▶ **Exercise**
Pictures do not belong in the output. Reproduce exactly the lines from the start of the records through the line with "代掻きを済ませた田んぼ。ここは農場主のMさんが担当したとのこと。".

Collected data entries
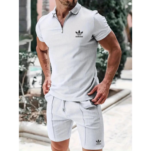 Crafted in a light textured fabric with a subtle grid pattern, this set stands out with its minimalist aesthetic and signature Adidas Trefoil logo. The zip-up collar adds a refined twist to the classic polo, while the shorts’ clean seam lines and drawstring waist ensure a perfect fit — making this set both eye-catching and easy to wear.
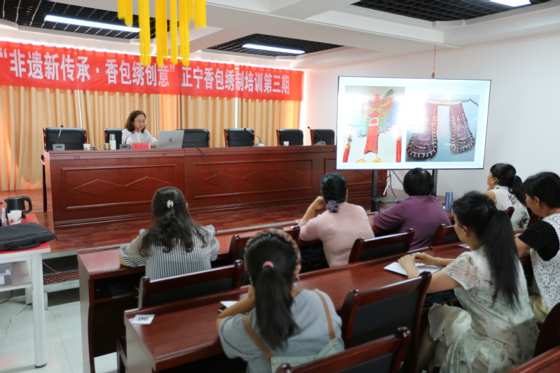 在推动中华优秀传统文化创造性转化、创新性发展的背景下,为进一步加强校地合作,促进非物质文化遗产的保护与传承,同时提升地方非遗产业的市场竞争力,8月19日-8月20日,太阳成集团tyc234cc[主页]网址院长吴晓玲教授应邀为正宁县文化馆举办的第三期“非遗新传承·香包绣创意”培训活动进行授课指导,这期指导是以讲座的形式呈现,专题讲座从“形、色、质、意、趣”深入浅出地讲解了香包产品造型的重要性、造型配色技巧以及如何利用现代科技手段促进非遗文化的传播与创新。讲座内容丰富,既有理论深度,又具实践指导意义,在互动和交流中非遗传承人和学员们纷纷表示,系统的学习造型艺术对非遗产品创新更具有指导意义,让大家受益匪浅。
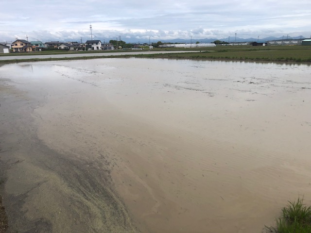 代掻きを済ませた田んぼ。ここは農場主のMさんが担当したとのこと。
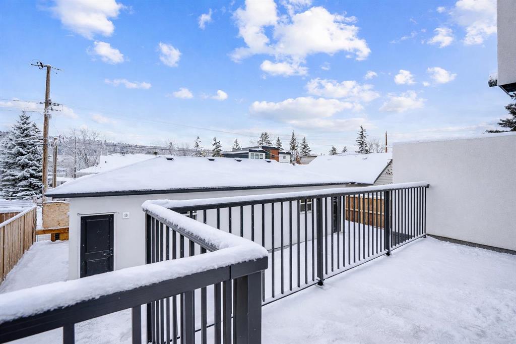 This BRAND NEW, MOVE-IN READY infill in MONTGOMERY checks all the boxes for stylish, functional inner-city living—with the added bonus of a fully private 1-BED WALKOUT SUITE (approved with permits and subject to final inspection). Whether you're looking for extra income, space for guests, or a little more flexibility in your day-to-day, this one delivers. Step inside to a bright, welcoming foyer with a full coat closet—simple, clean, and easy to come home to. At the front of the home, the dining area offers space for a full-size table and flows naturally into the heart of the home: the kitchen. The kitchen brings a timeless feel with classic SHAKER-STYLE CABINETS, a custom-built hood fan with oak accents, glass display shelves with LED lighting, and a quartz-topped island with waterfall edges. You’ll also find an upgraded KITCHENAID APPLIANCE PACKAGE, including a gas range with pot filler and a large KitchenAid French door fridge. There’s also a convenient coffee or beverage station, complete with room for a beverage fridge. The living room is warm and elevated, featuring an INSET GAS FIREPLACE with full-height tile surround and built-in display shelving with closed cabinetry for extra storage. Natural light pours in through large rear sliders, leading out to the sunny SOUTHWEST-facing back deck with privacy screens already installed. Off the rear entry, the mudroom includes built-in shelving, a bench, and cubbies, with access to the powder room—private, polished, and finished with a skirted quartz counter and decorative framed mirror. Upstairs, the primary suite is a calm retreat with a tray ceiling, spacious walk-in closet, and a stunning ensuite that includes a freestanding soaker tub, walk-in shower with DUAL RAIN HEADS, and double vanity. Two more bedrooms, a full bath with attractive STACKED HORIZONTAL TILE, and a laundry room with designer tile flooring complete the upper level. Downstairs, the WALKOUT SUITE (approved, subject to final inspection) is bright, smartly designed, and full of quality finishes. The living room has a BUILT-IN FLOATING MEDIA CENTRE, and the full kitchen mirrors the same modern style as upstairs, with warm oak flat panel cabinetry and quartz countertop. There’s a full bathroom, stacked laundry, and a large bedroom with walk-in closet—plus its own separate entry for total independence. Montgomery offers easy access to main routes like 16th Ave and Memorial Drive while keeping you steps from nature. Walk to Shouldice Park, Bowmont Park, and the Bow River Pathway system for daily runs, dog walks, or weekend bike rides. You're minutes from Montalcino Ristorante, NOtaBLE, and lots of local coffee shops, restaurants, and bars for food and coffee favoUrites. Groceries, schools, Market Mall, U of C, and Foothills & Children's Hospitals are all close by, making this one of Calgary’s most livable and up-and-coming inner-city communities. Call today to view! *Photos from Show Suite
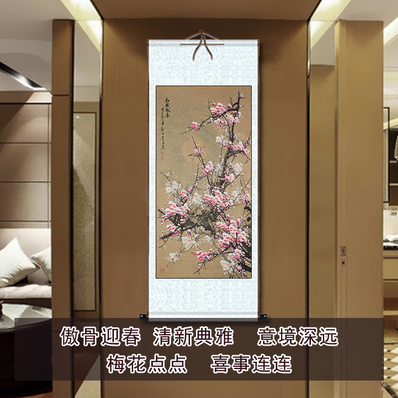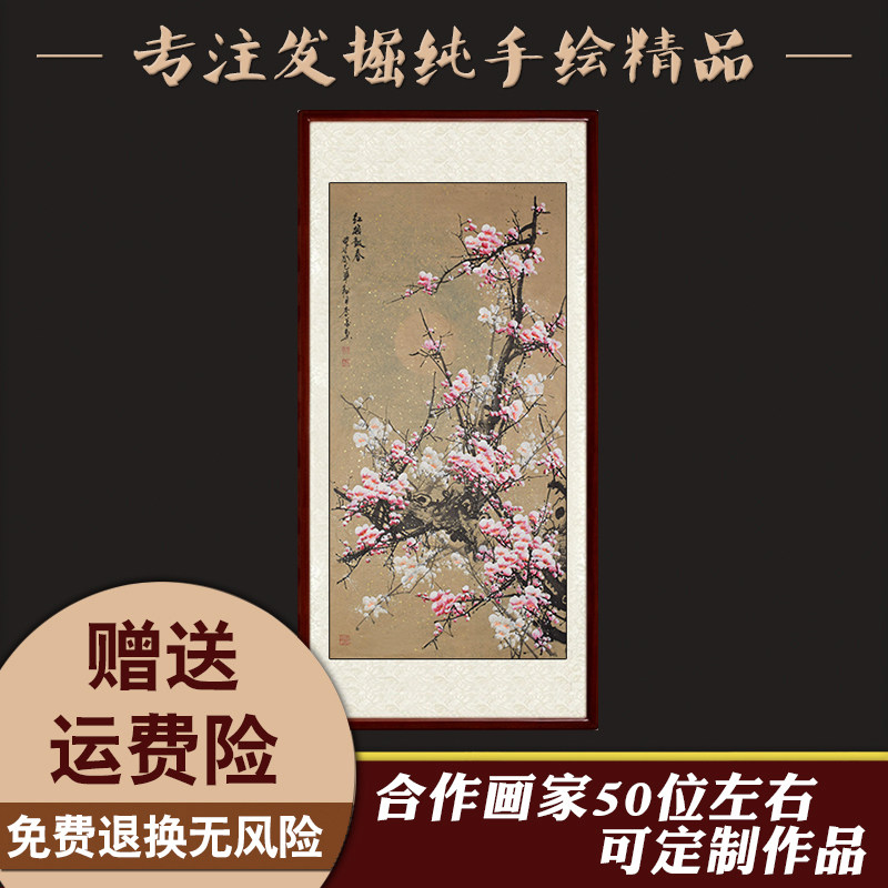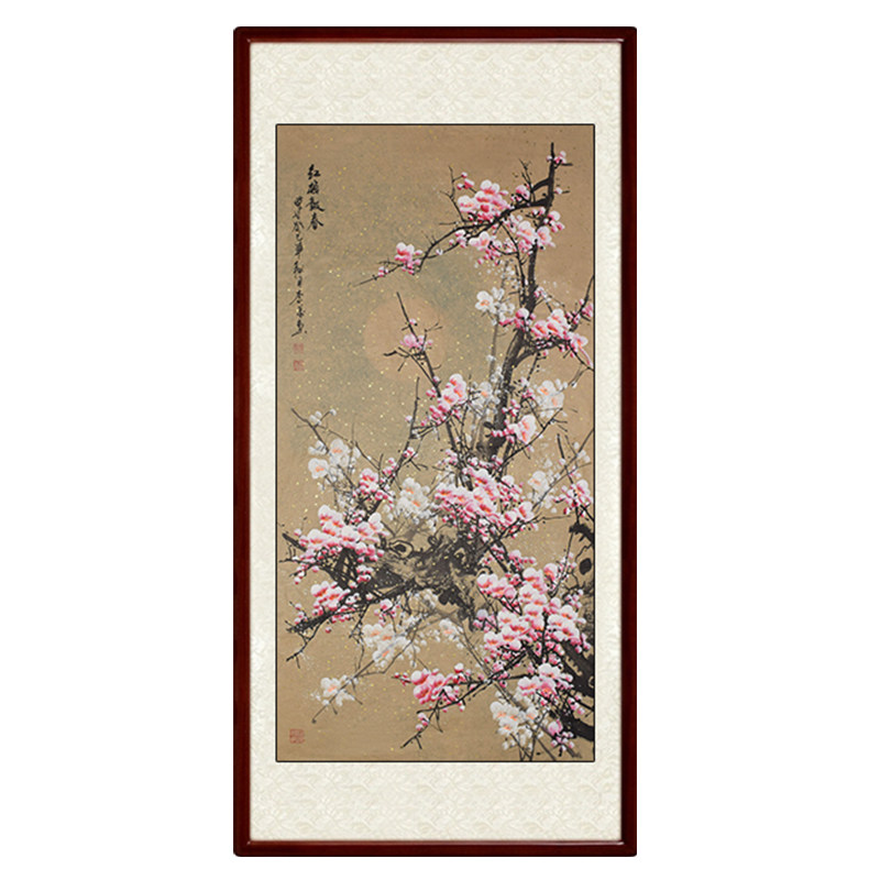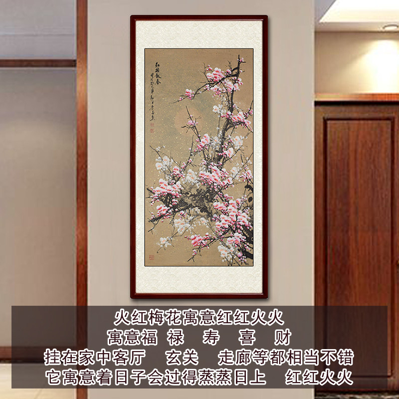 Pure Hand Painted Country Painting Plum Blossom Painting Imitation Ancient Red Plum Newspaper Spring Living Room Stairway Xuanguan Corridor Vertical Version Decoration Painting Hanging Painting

▶ **Completed exercise**
 Crafted in a light textured fabric with a subtle grid pattern, this set stands out with its minimalist aesthetic and signature Adidas Trefoil logo. The zip-up collar adds a refined twist to the classic polo, while the shorts’ clean seam lines and drawstring waist ensure a perfect fit — making this set both eye-catching and easy to wear.
 在推动中华优秀传统文化创造性转化、创新性发展的背景下,为进一步加强校地合作,促进非物质文化遗产的保护与传承,同时提升地方非遗产业的市场竞争力,8月19日-8月20日,太阳成集团tyc234cc[主页]网址院长吴晓玲教授应邀为正宁县文化馆举办的第三期“非遗新传承·香包绣创意”培训活动进行授课指导,这期指导是以讲座的形式呈现,专题讲座从“形、色、质、意、趣”深入浅出地讲解了香包产品造型的重要性、造型配色技巧以及如何利用现代科技手段促进非遗文化的传播与创新。讲座内容丰富,既有理论深度,又具实践指导意义,在互动和交流中非遗传承人和学员们纷纷表示,系统的学习造型艺术对非遗产品创新更具有指导意义,让大家受益匪浅。
 代掻きを済ませた田んぼ。ここは農場主のMさんが担当したとのこと。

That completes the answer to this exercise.